The solution to these problems is to introduce some kind of terrain-LOD (level of detail). The problem with simple LOD methods is that at the moment of adding or removing vertices, the mesh is changed which leads to very noticeable popping effects. The only clean way out of this is to introduce geomorphing which inserts new vertices along an existing edge and later on moves that vertex to its final position. As a consequence the terrain mesh is no longer static but changes ("morphs") every frame. It is obvious that this morphing has to be done in hardware in order to achieve a high performance.
A lot of work has already been done on rendering terrain meshes.
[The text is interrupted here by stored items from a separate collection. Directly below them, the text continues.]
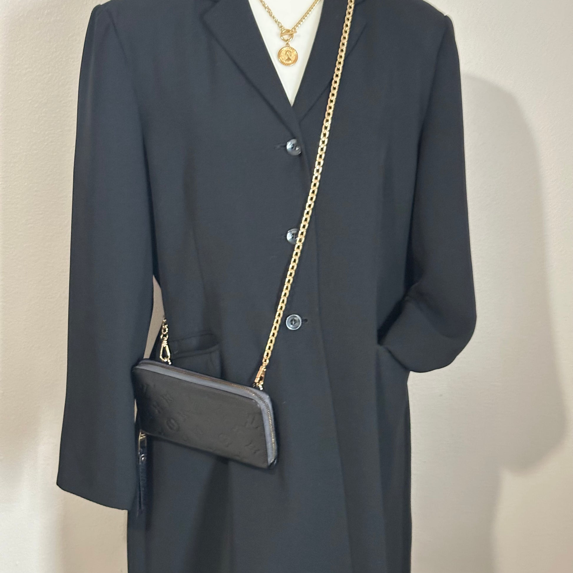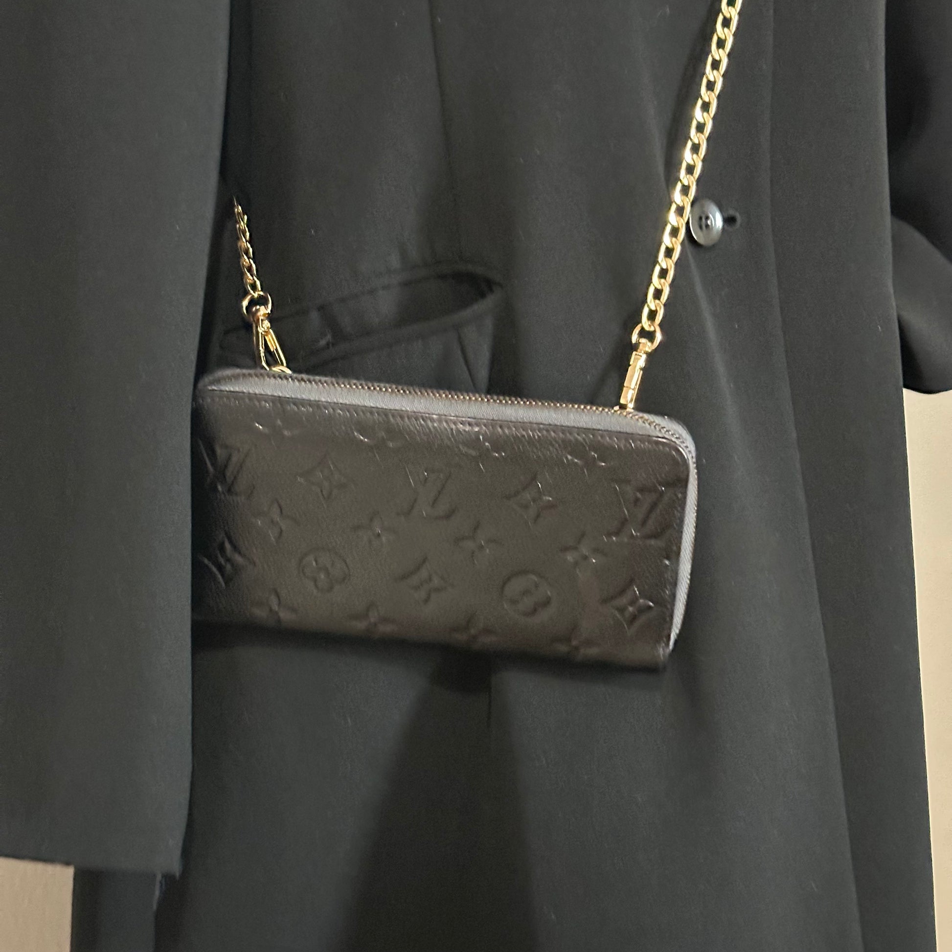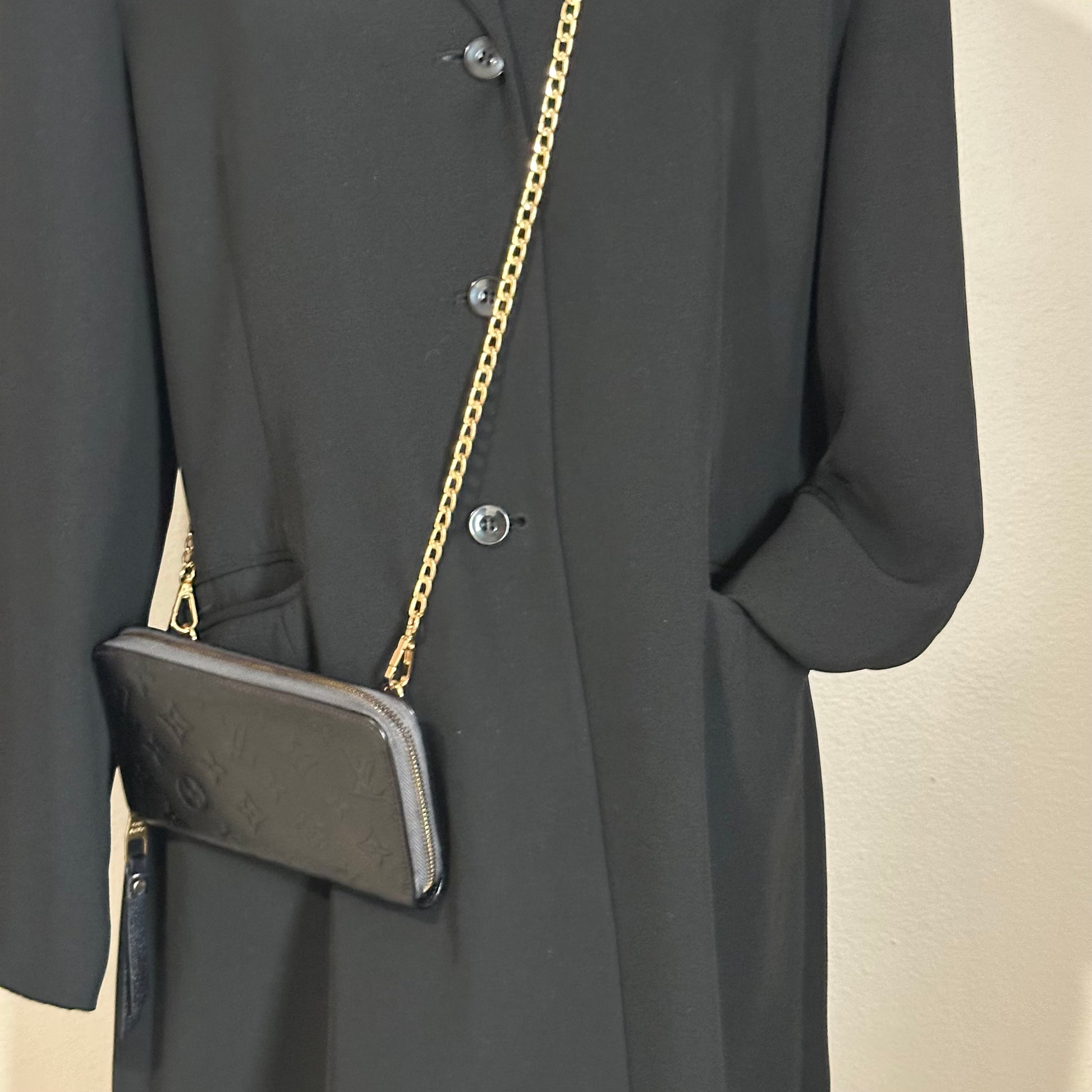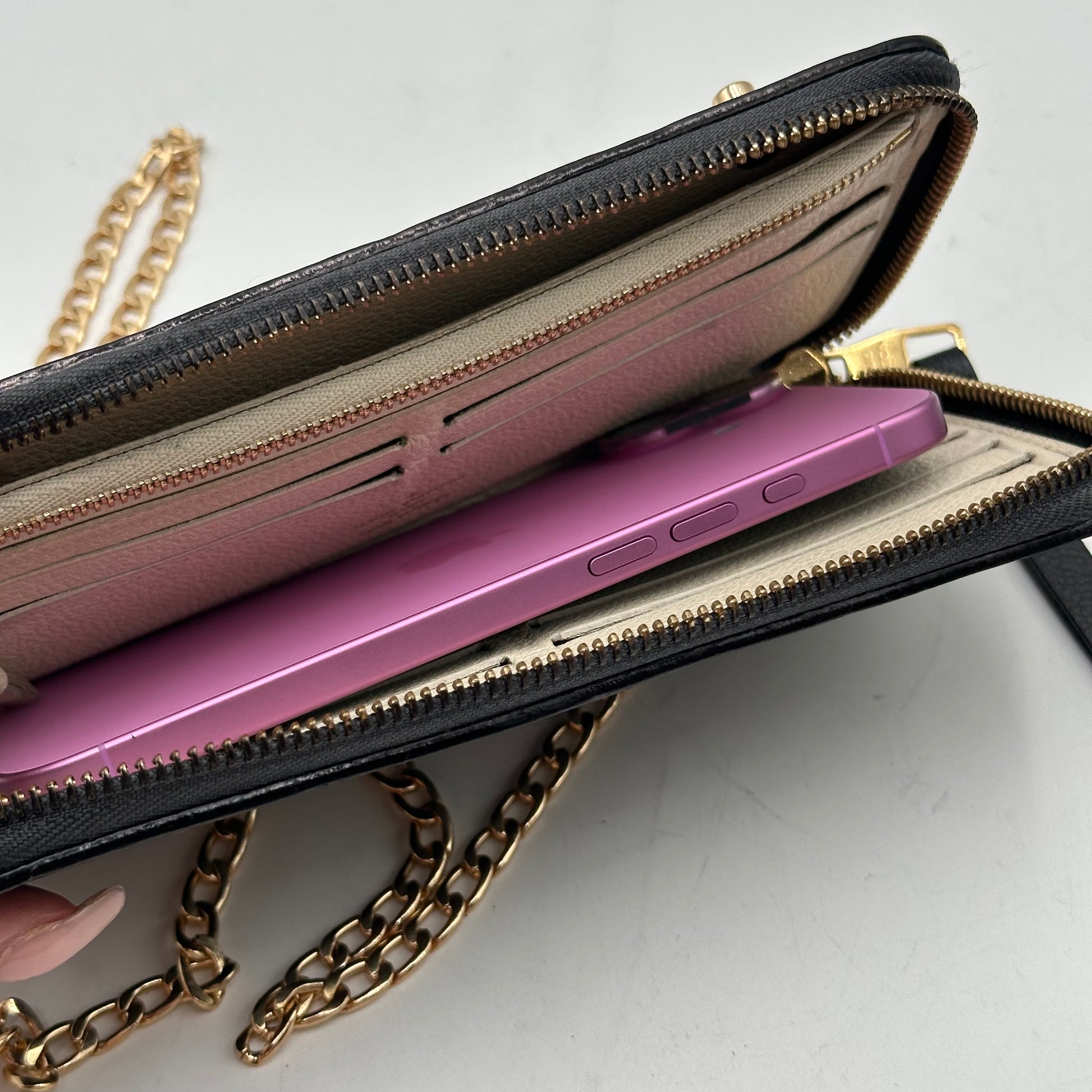 This particular piece has been professionally customized into a crossbody wallet with the addition of two sturdy rings on the back and a non-branded adjustable strap for hands-free convenience. The exterior leather has been professionally re-dyed black, restoring its rich tone and giving it a like-new appearance. Inside, there are minor signs of use such as rubbing and small spots, but there is no peeling or stickiness in the pockets. All zippers are fully functional and glide smoothly.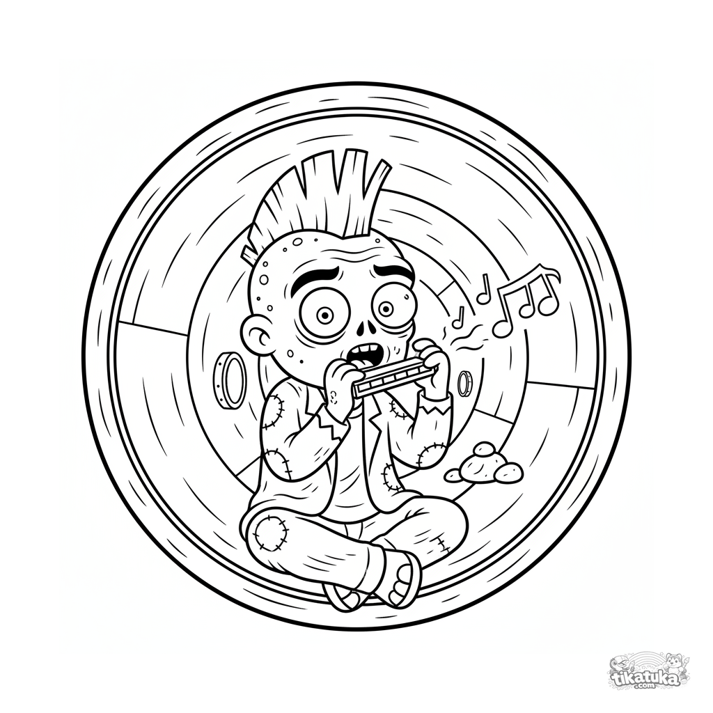Раскраска для детей 7-9 лет: весёлый зомби с ирокезом играет на губной гармошке, сидя внутри большой канализационной трубы. Динамичная сцена с нотами.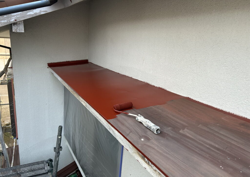 外壁屋根塗装同様、全体をしっかり高圧洗浄とケレンをしたら、1回目の塗装です。下塗り(したぬり)といいますが鉄部の場合は。さび止めをぬります。外壁塗装同様、原則、下塗り(さび止め)、中塗り、仕上げ塗り(上塗り)の3回です。(下写真)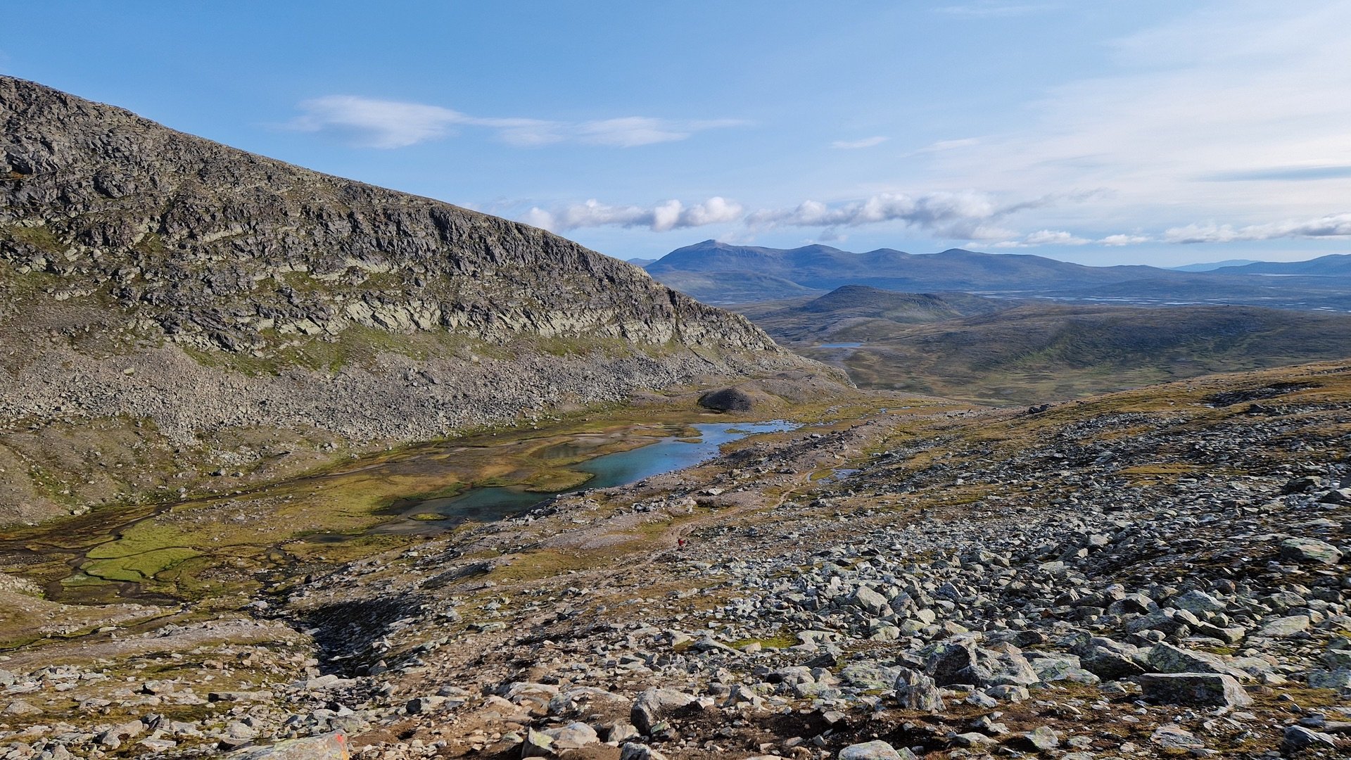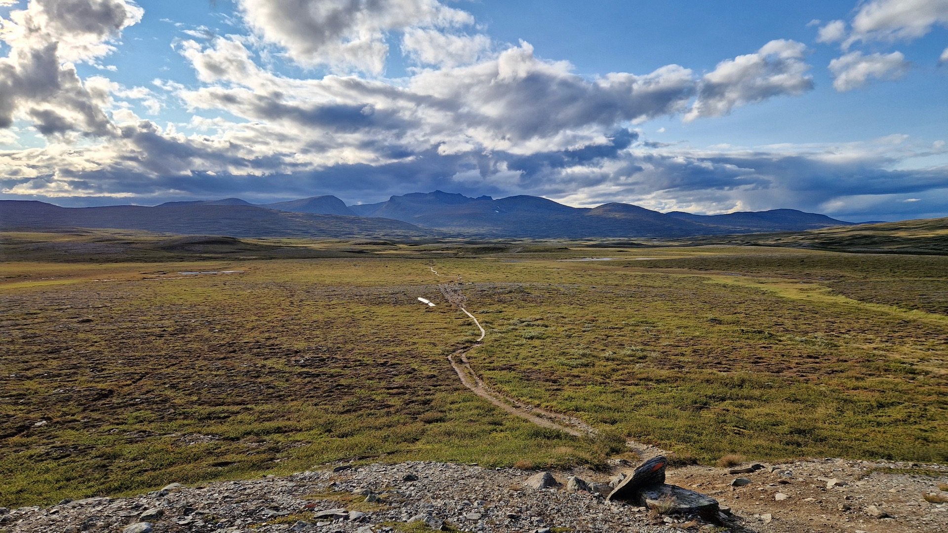 Gegen 09:00h verabschiede ich mich von den drei Trailrunnern mit einem Lächeln und dem Hinweis, dass ich später in der Sauna auf sie warten werde. Es geht 13km ziemlich gerade aus, mit einer kleinen aber langezogenen Steigung am Fuße des Helags. Als ich mich nach ein paar Hundert Metern noch mal umdrehe ist die Stuga bereits nur noch ein kleiner Punkt auf dem Berg.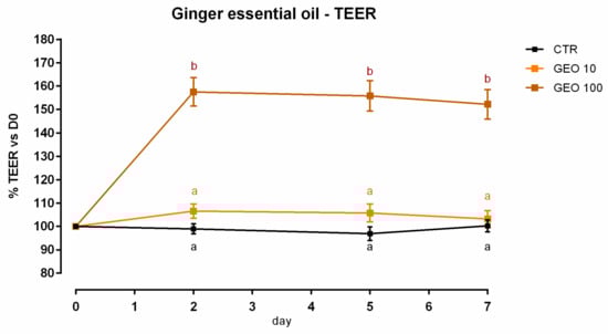 TEER of Caco-2 cells cultured with 10 or 100 ppm of ginger essential oil. Data in the graph are represented as means (n = 6) ± SEM. Different letters indicate statistical significance with p < 0.05. GEO = ginger essential oil, TEER = transepithelial electrical resistance (Ω·cm2).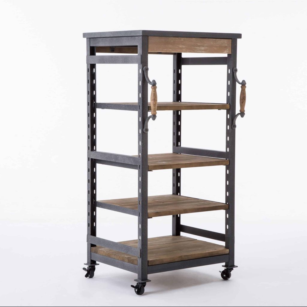 If boring or traditional aren’t in your vocabulary, then you’ll love the industrial edge the Hampton Bookshelf brings to your home. This mixed material bookcase is crafted with a sturdy metal frame and four adjustable wood shelves. Four lockable caster wheels on the base allow you to easily switch up the look of your living room or office. Two handles make it even easier for you to move this bookcase from one spot to another. Stack it full of your favorite books or decorate the shelves with candles, silk flowers, picture frames, and other personal accents.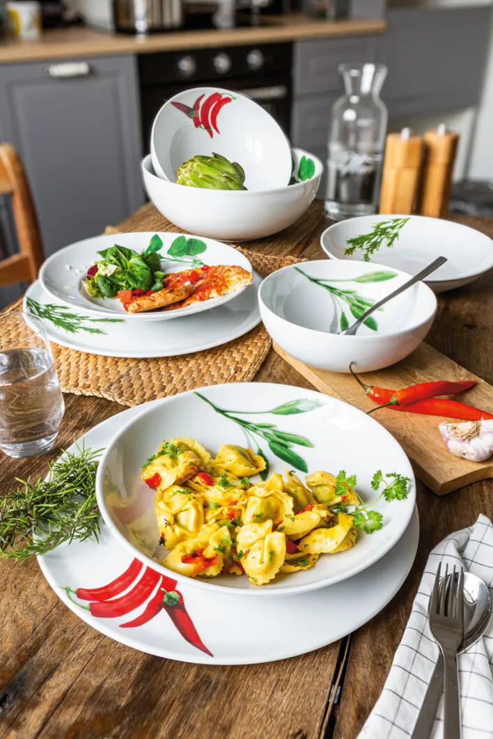 Möchten Sie Ihre Gäste mit italienischer Küche verwöhnen, servieren Sie Ihre Kreationen auf dem CreaTable Pastateller KRÄUTER SALBEI. Den Rand des tiefen Tellers ziert ein grüner Salbeizweig. Das frische Design macht Lust auf Pasta mit Kräutern, knackige Salate oder leckere Suppen. Auch für Gnocchi mit Salbeibutter, ein typisch italienisches Gericht, eignet sich der Teller optimal. Die hochwertige Keramik ist mikrowellenfest und zeichnet sich durch einen edlen Glanz aus. Für eine kreative Tischdeko kombinieren Sie den Pastateller KRÄUTER SALBEI mit weiteren Tellern von CreaTable.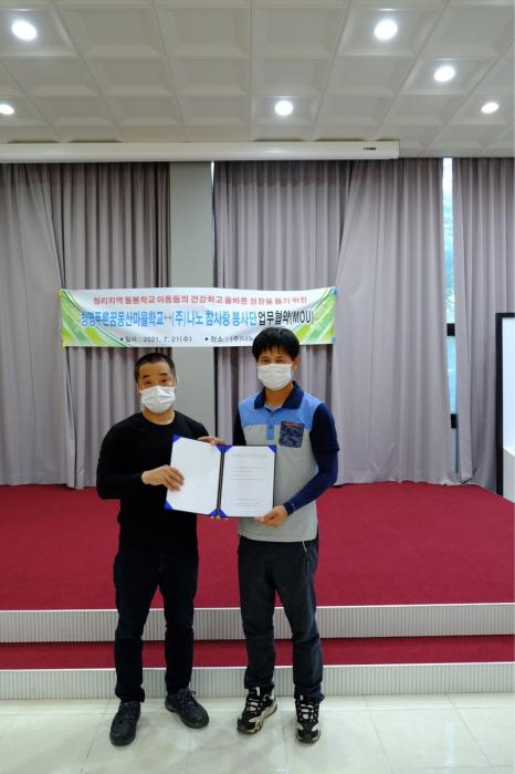 (상주시=경북온뉴스) 김광열 기자 = 청명푸른꿈동산 마을학교는 지난 21일(수) 오후 5시 지역 돌봄 취약계층 아동들의 체계적인 후원을 위해 ㈜나노 참사랑봉사단과 업무협약을 체결했다.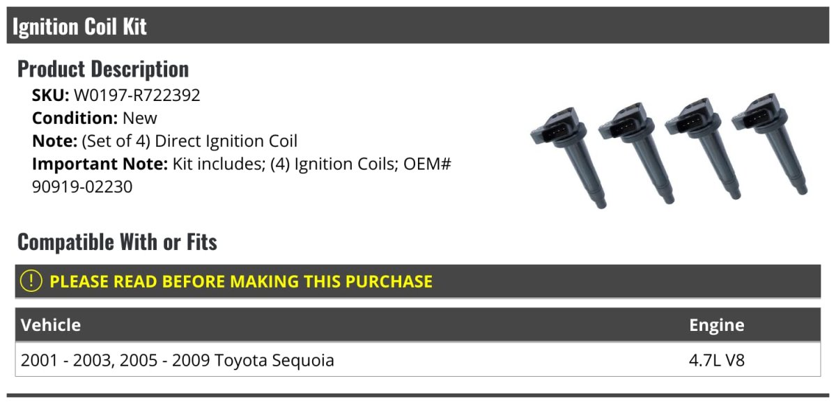 - Ignition Coil Kit 4 Piece For 2001-2003 2005-2009 Toyota Sequoia 7l V8
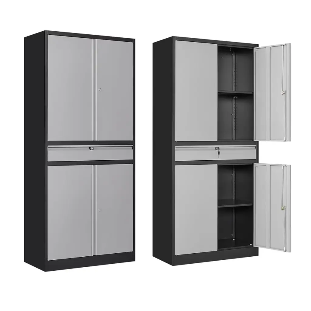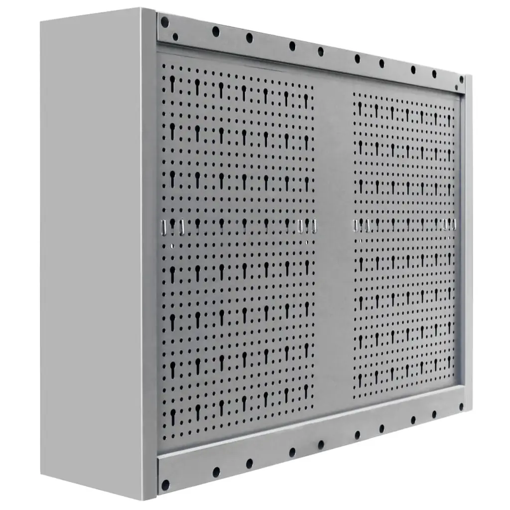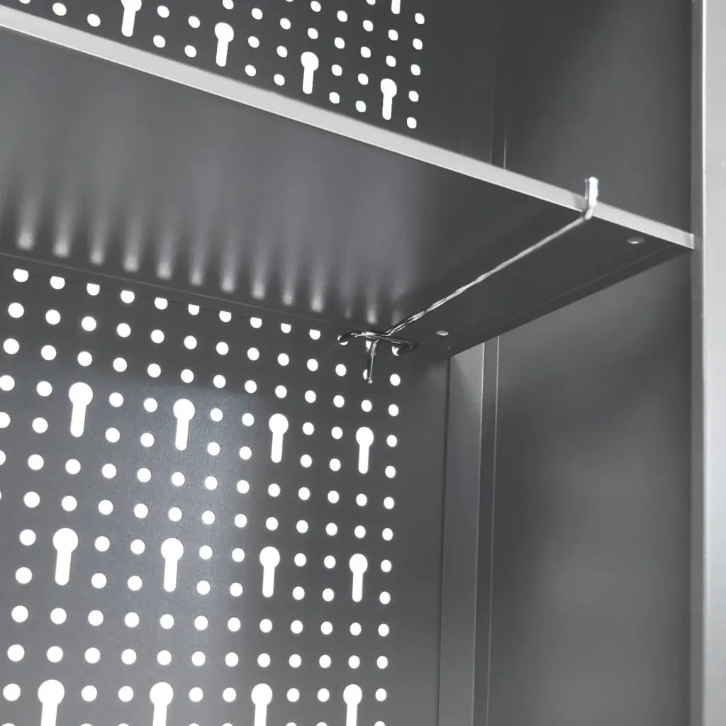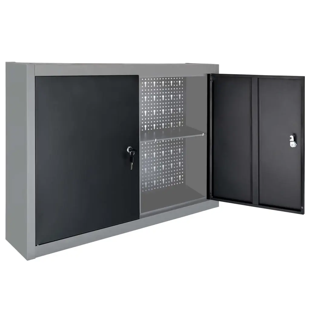 This wall mounted tool cabinet will be ideal for storing your tools, but can also make a unique decorative addition to your home with its cool, industrial style.This tool storage unit features two height-adjustable shelves and a perforated plate with Euro holes that can be used to hang various kinds of tools such as spanners, pliers, hammers, etc. Equipped with two lockable doors (2 keys included for each door), the tool cabinet provides extra safety. It is made of metal with an extra strong scratch-proof coating, making it durable and easy to clean. This product needs to be assembled.

Classic algorithms such as ROAM and VDPM attempt to generate triangulations which optimally adapt to terrain given as a heightmap. This definition of "optimally" was defined to be as few triangles as possible for a given quality criteria. While this was a desirable aim some years ago, things have changed.
Today the absolute number of triangles is not as important. As of 2003, games such as "Unreal 2" have been released which render up to 200000 triangles per frame. An attractive terrain triangulation takes some 10000 triangles. This means that it is no longer important if we need 10000 or 20000 triangles for the terrain mesh as long as it is done fast enough. Today "fast" also implies using as little CPU processing power as possible since in real life applications the CPU usually has more things to do than just drawing terrain (e.g. AI, physics, voice-over-ip compression, etc...). The other important thing today is to create the mesh in such a way that the graphics hardware can process it quickly, which usually means the creation of long triangle strips. Both requirements are mostly unfulfilled by the classic terrain meshing algorithms.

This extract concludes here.